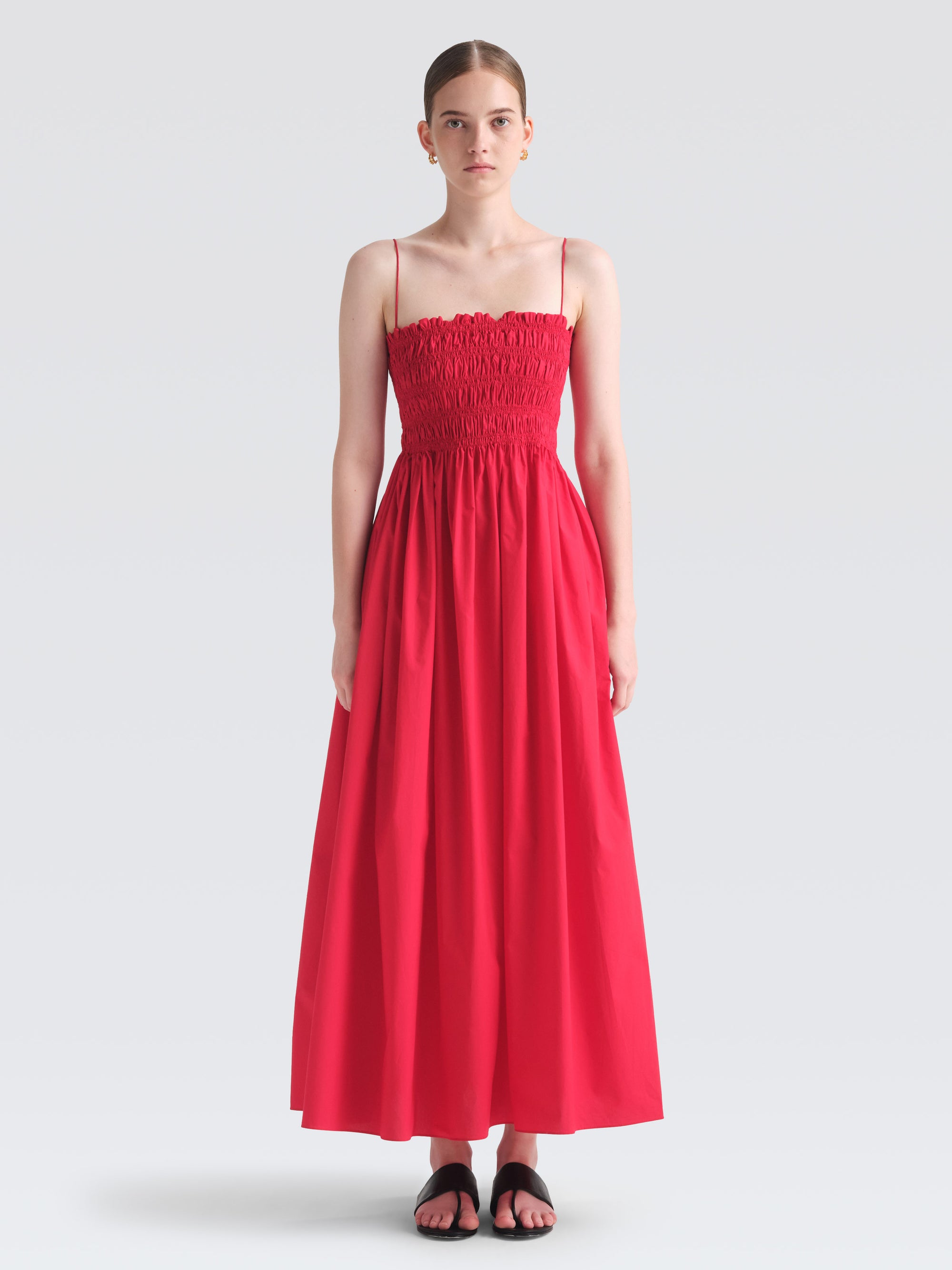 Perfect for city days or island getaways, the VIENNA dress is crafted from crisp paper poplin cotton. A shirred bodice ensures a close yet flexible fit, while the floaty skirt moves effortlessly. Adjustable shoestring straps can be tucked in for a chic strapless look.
---
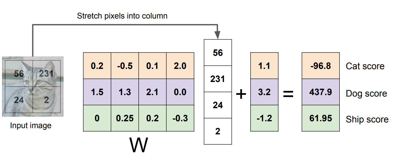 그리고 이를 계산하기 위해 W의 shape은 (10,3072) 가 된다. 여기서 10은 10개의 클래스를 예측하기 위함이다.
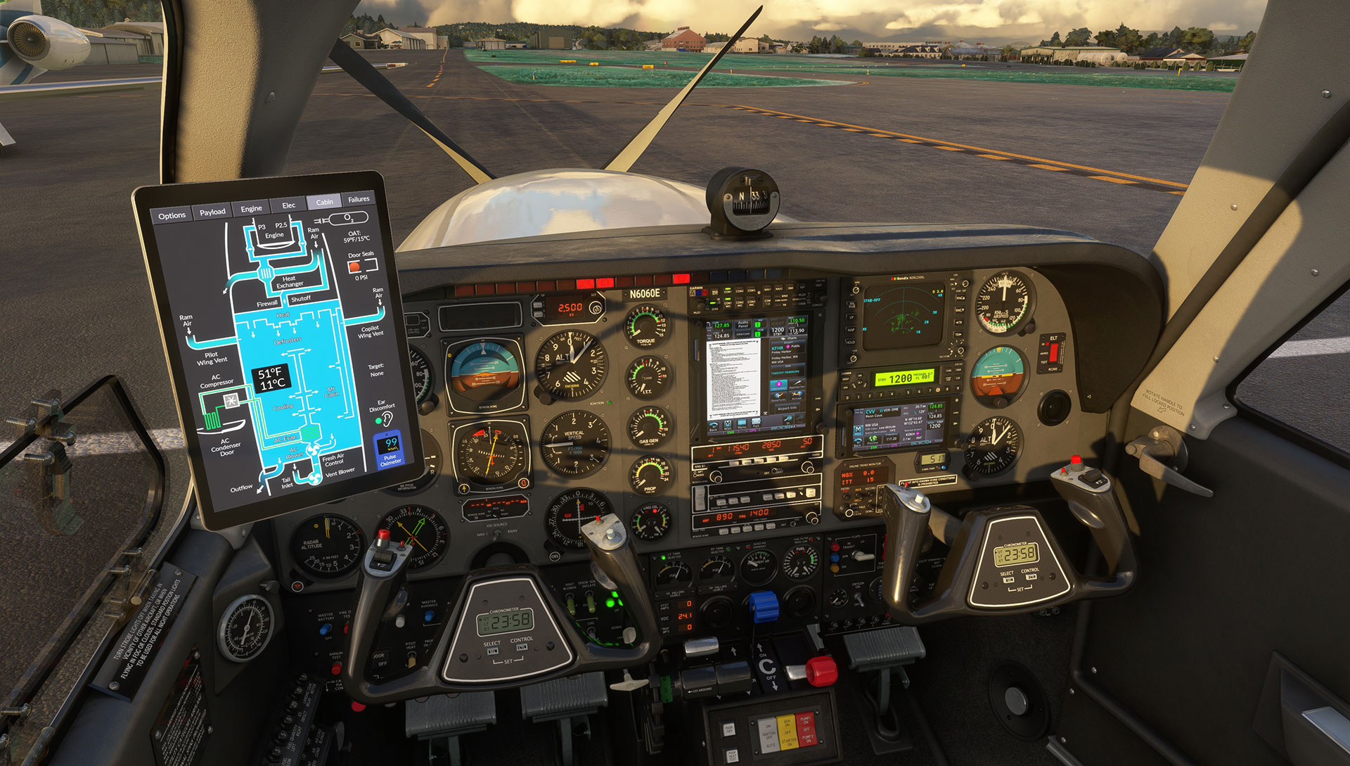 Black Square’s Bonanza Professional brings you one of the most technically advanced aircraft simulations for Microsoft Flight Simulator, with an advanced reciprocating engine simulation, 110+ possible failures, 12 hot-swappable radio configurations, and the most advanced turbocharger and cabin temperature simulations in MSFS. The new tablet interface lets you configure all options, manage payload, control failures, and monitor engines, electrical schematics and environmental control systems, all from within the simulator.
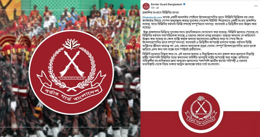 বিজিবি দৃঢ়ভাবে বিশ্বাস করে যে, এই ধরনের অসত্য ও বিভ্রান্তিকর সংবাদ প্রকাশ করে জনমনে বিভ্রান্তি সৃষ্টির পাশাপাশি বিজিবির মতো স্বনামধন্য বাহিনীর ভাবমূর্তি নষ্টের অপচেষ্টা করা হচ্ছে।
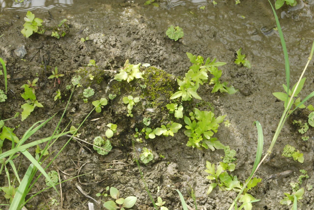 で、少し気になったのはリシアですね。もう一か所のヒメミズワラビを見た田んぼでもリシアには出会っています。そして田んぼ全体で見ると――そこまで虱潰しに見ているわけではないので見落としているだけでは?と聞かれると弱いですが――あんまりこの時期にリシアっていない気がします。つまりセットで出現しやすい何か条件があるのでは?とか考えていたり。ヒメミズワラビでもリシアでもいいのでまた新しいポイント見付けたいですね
--
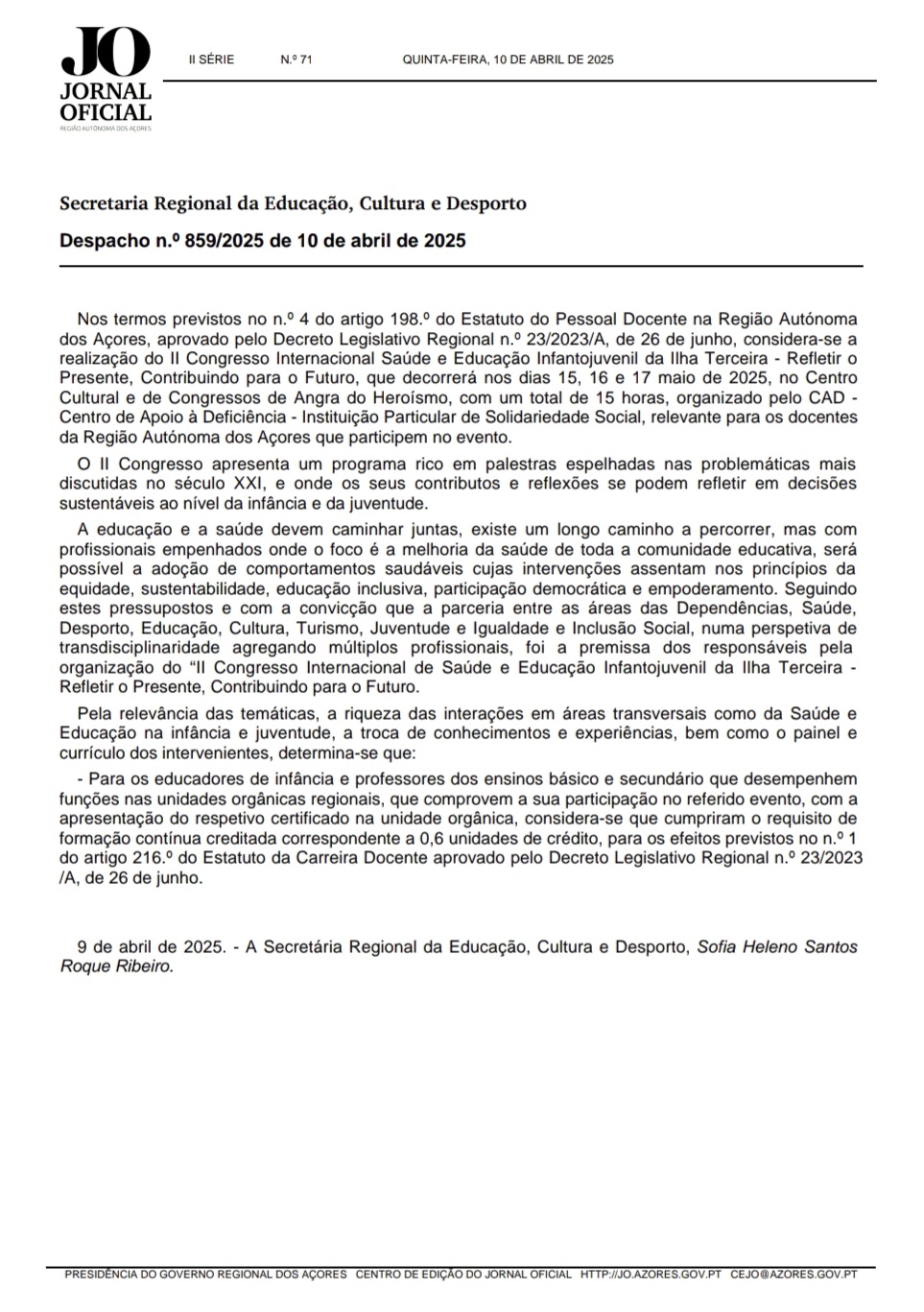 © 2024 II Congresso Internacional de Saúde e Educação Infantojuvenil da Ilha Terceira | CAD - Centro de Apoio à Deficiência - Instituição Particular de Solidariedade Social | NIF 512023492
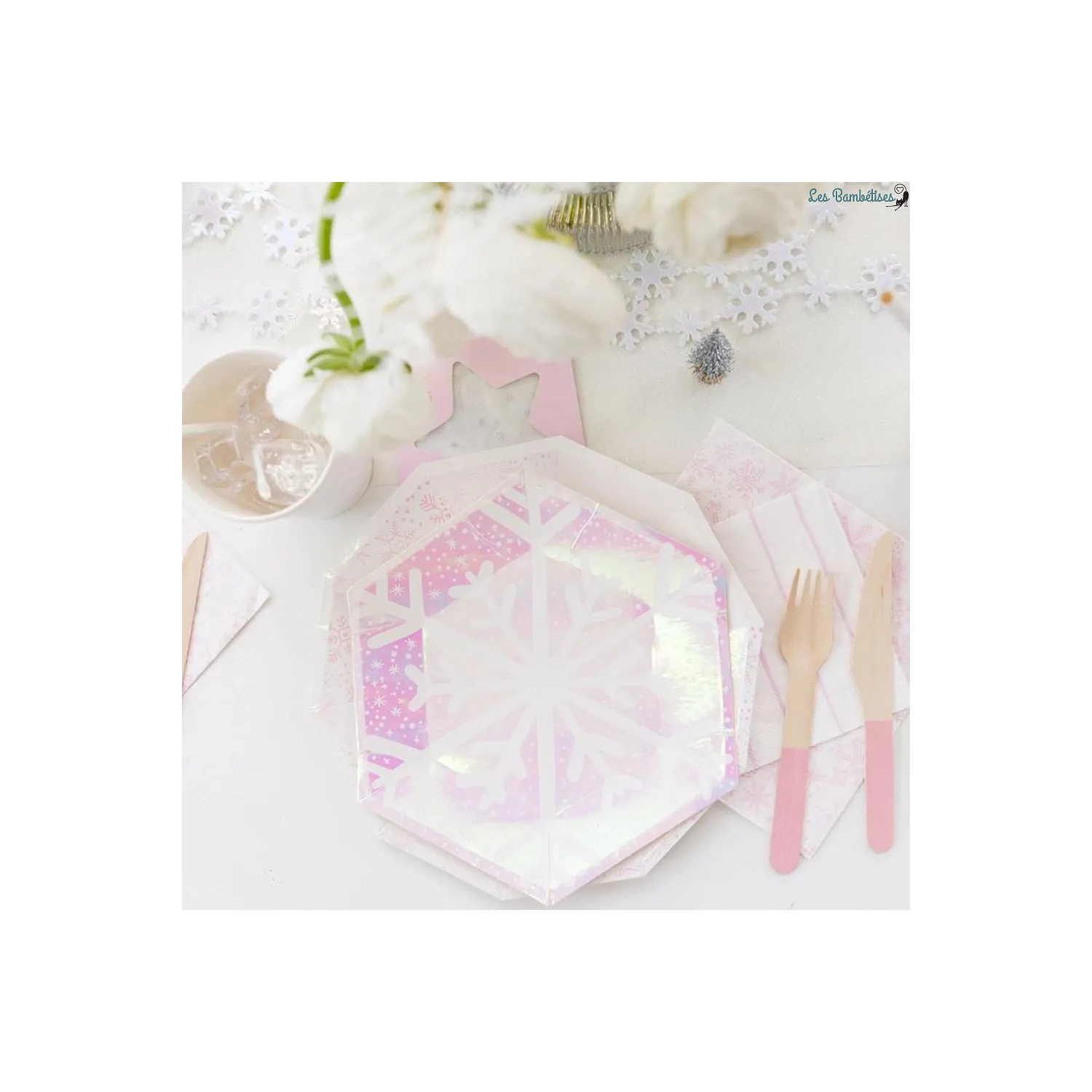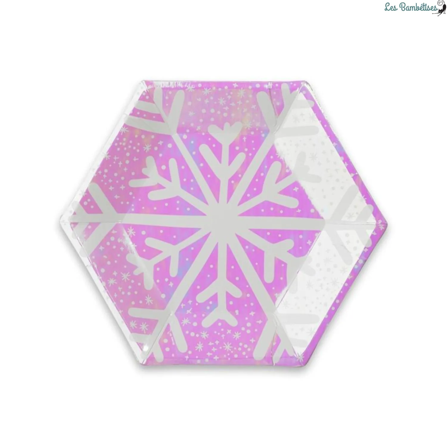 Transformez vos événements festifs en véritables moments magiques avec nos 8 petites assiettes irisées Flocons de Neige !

Task description:
Set down word for word the lines above from the one with "Black Square’s Bonanza" up to and including the one with "で、少し気になったのはリシア". Omit every picture.

Exercise solution:
 Black Square’s Bonanza Professional brings you one of the most technically advanced aircraft simulations for Microsoft Flight Simulator, with an advanced reciprocating engine simulation, 110+ possible failures, 12 hot-swappable radio configurations, and the most advanced turbocharger and cabin temperature simulations in MSFS. The new tablet interface lets you configure all options, manage payload, control failures, and monitor engines, electrical schematics and environmental control systems, all from within the simulator.
 বিজিবি দৃঢ়ভাবে বিশ্বাস করে যে, এই ধরনের অসত্য ও বিভ্রান্তিকর সংবাদ প্রকাশ করে জনমনে বিভ্রান্তি সৃষ্টির পাশাপাশি বিজিবির মতো স্বনামধন্য বাহিনীর ভাবমূর্তি নষ্টের অপচেষ্টা করা হচ্ছে।
 で、少し気になったのはリシアですね。もう一か所のヒメミズワラビを見た田んぼでもリシアには出会っています。そして田んぼ全体で見ると――そこまで虱潰しに見ているわけではないので見落としているだけでは?と聞かれると弱いですが――あんまりこの時期にリシアっていない気がします。つまりセットで出現しやすい何か条件があるのでは?とか考えていたり。ヒメミズワラビでもリシアでもいいのでまた新しいポイント見付けたいですね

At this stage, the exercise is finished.